Here’s what I do differently now as a software dev compared to when I was doing R&D:
1. I cull failing code ruthlessly now
In research, I would have an idea, write some code, see it fail, comment it out, then try something else…
…find it fails again, comment it out, try something else…
It’s research after all, it’s supposed to fail n+1 times, no?
Old Me had the habit of commenting out failing code instead of deleting it because it represented a scientific idea I wanted to ‘keep’, thinking I would revisit it in the future.
However, I inevitably often ended up with scripts and Jupyter notebooks that were super long and full of commented-out code. In hindsight, I only occasionally looked at or reused such code.
As a dev (New Me), I now see commented-out code as distracting or even confusing - should I build this or not?
More importantly, I realised that if you are pushing code regularly to GitHub, there’s no need to keep that commented-out code in your script because you can recover it from your commit history (obvious I know, but it took someone to point that out for it to really sink in).
In research, I didn’t push code updates as regularly as I do now for various reasons (see next point), but if I could go back, I would do myself the following favours:
- push code updates more frequently, even if changes are mildly incremental
- try to keep my scripts short and clean - cull useless code yesterday
This brings me to the next point…
2. I commit and push code to GitHub more often
In research I was the only person working on my code 99.9% of the time.
However, I now code in a team, and inevitably need to share code more frequently because team members would build other parts of the codebase that depend on my code.
Also, now that I’ve started working more with cloud technologies, pushing code is the only way I can test on the cloud (at least in the way it’s currently set up).
For example, I would need to push new code to rebuild Docker containers that run on remote servers, calling inputs from cloud storage.
But if I’m honest with myself, I think the main reasons I commited and pushed code so infrequently when I was doing research were:
- I felt self-conscious about ‘publishing’ ugly, possibly ill-functioning or buggy code.
- Since I was mostly working alone on my project, there was no immediate need to push code to GitHub, so I often didn’t see the need to, or just got lazy.

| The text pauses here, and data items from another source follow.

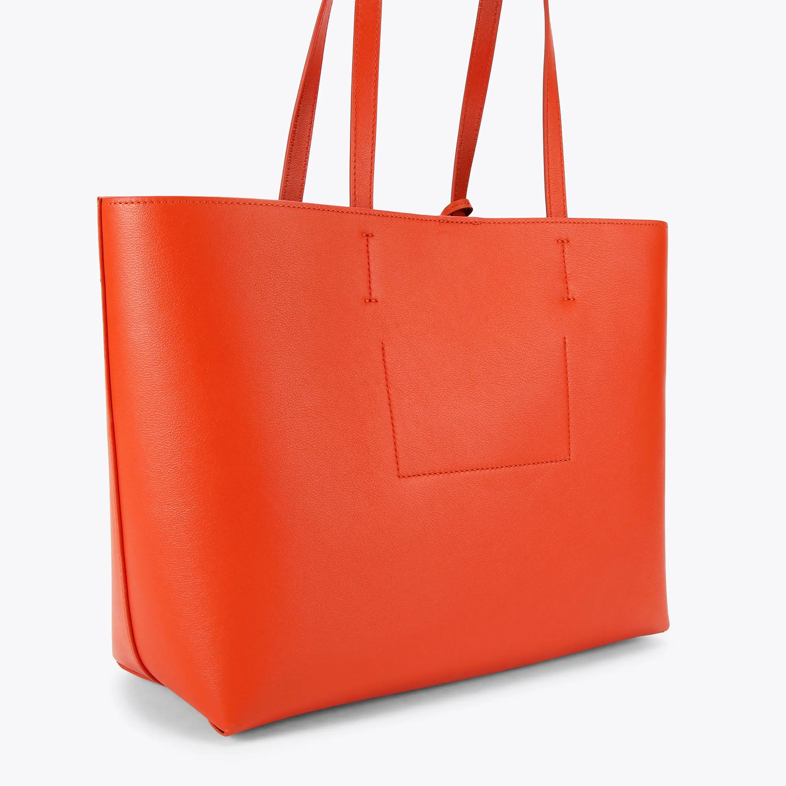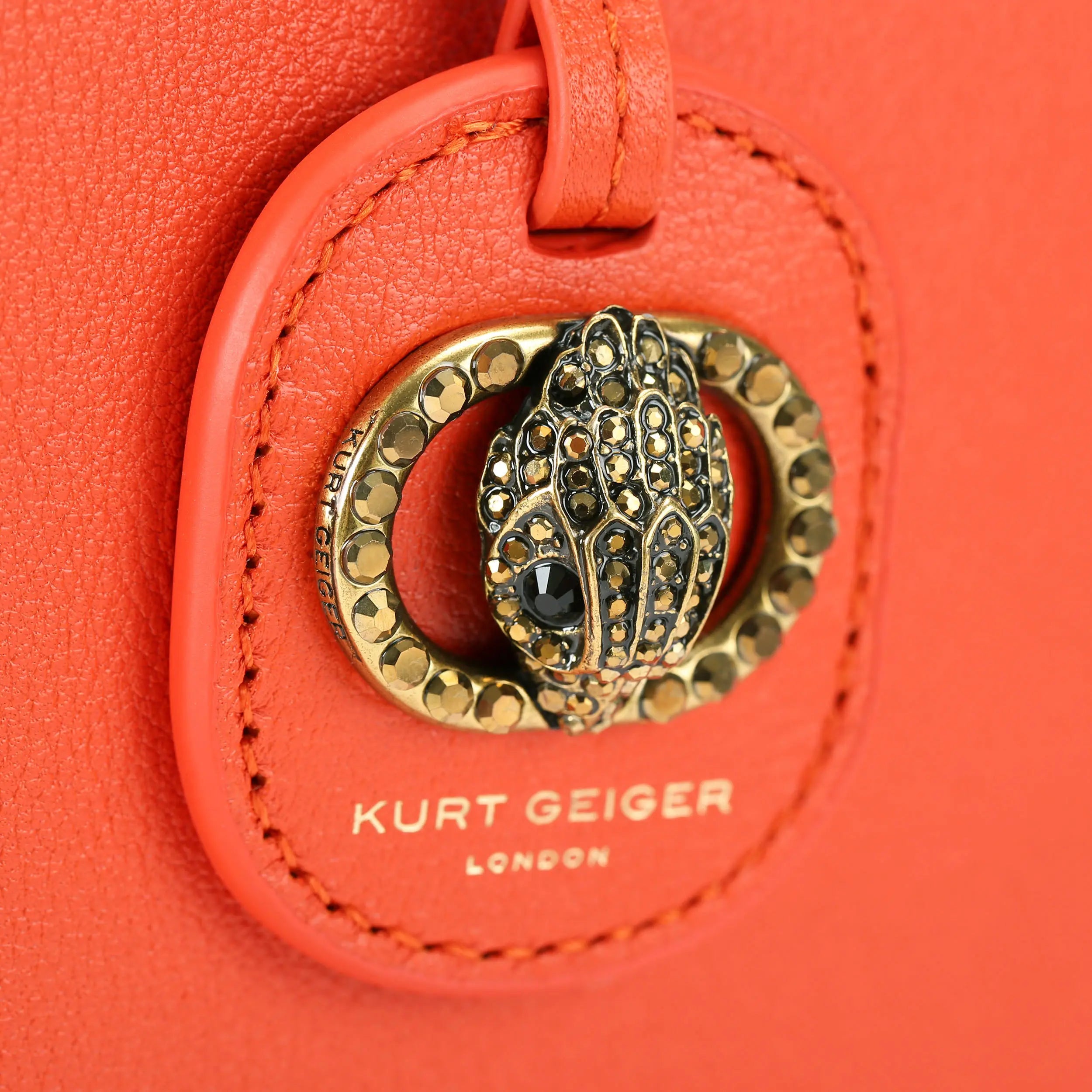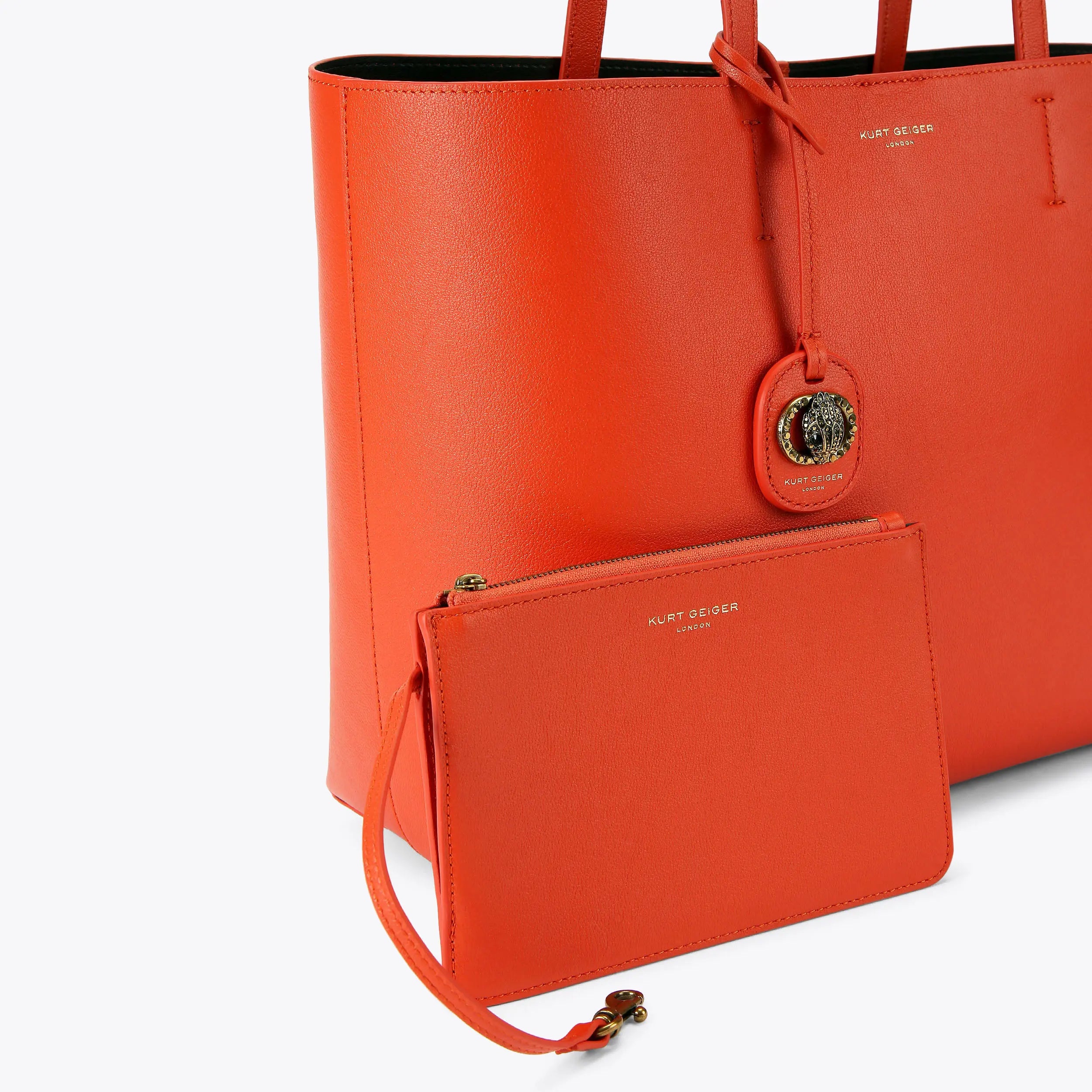 The Chelsea Shopping Purse features an orange leather exterior with slight structure. There is subtle gold foil branding on the front and a crystal embellished antiqued brass oval trim with central eagle head on the luggage tag.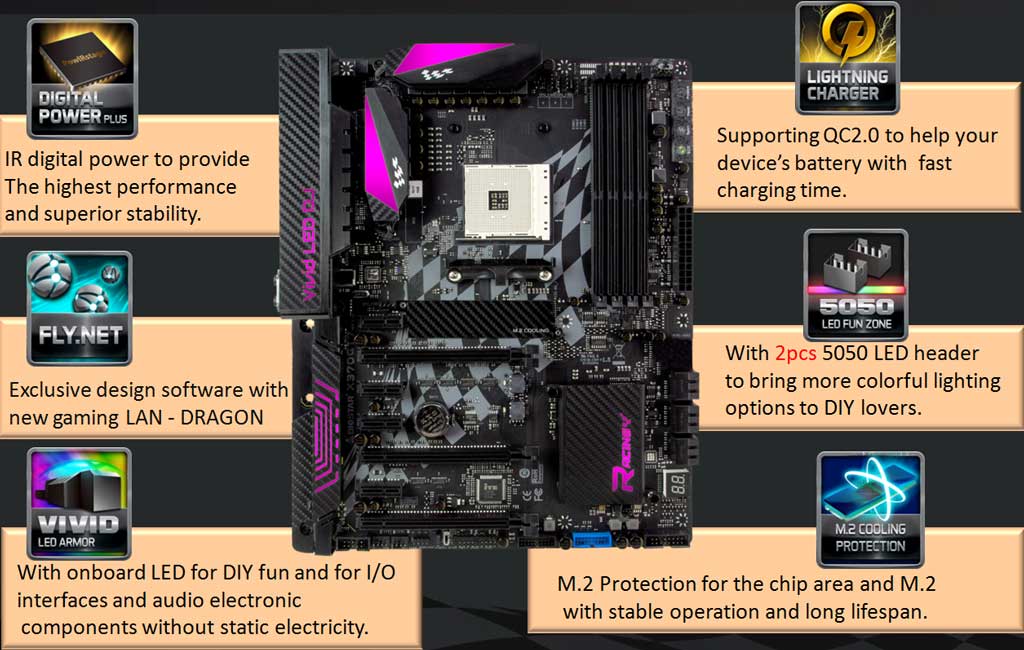 برای نخستین بار شاهد پوشش همزمان دو مسیر PCI Express 3.0 X16 در چیپست های AMD هستیم؛ اورکلاک کامل با رابط گرافیکی تقریبا پیچیده ی این مادربردها، تنها در چیپست X370 قابل یافت است. اورکلاک پردازنده های RYZEN به همراه خنک کننده های افراطی CN2 نیز از جمله ویژگی های این محصولات است. این مادربردها به دلیل پیشرفت پلتفرم جدید AMD قادر به پشتیبانی از دو مسیر DDR4، حافظه های SATA Express، حافظه های M.2، رابط های USB-C و PCI-E 3.0 هستند. چیپست B350 نیز در کنار برخی امکانات خود، یک پله پایین تر از X370 جای می گیرد؛ پوشش کمتر باس (BUS) های PCI از جمله این تفاوت ها است. مادربرد Biostar B350 GT5 نیز پرچمدار مدل های B350 خواهد بود. این مادربرد به یک مدار تغذیه 7 فاز رگولاتور مجهز گشته و امکانانی مشابه با Biostar X370 GT5 را حمل می نماید.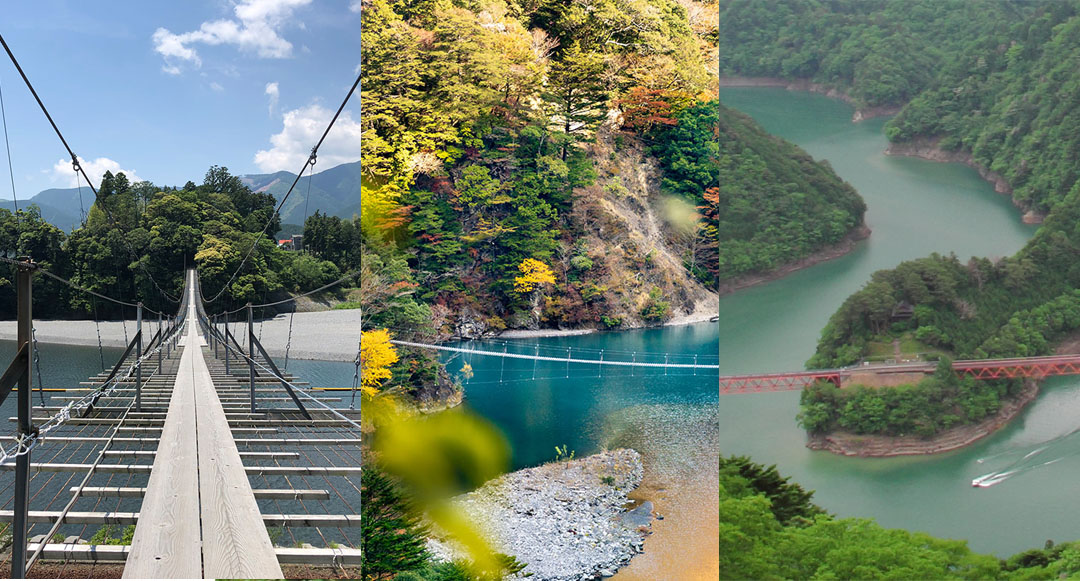初夏のまばゆい新緑とエメラルドグリーンの湖面とのマリッジ。晩秋の山肌を色鮮やかに染める渓谷美と凛とした静寂。そんな幻想的な自然を心ゆくまでご堪能ください。渡橋は一方通行で、渡った先は304段の急階段がありますので、足腰に自信のない方は渡らずに、ここで引き返えされるのも一考です。

Point 1 can be a doozy, especially for researchers. (Shoutout to Sam Harrison, with whom I’d started discussing this with on LinkedIn.) Personally, I’ve experienced this feeling, but also seen it in at least 4 other colleagues during my time in research.
I think researchers have a tendency to be ‘careful’ about what we put out there, because we subconsciously conflate pushing code with submitting the final version of a manuscript, which may be cited by others.
The reality is, there is no final version of code in the same way there is a final version of a paper on the cusp of submission (or publication for that matter).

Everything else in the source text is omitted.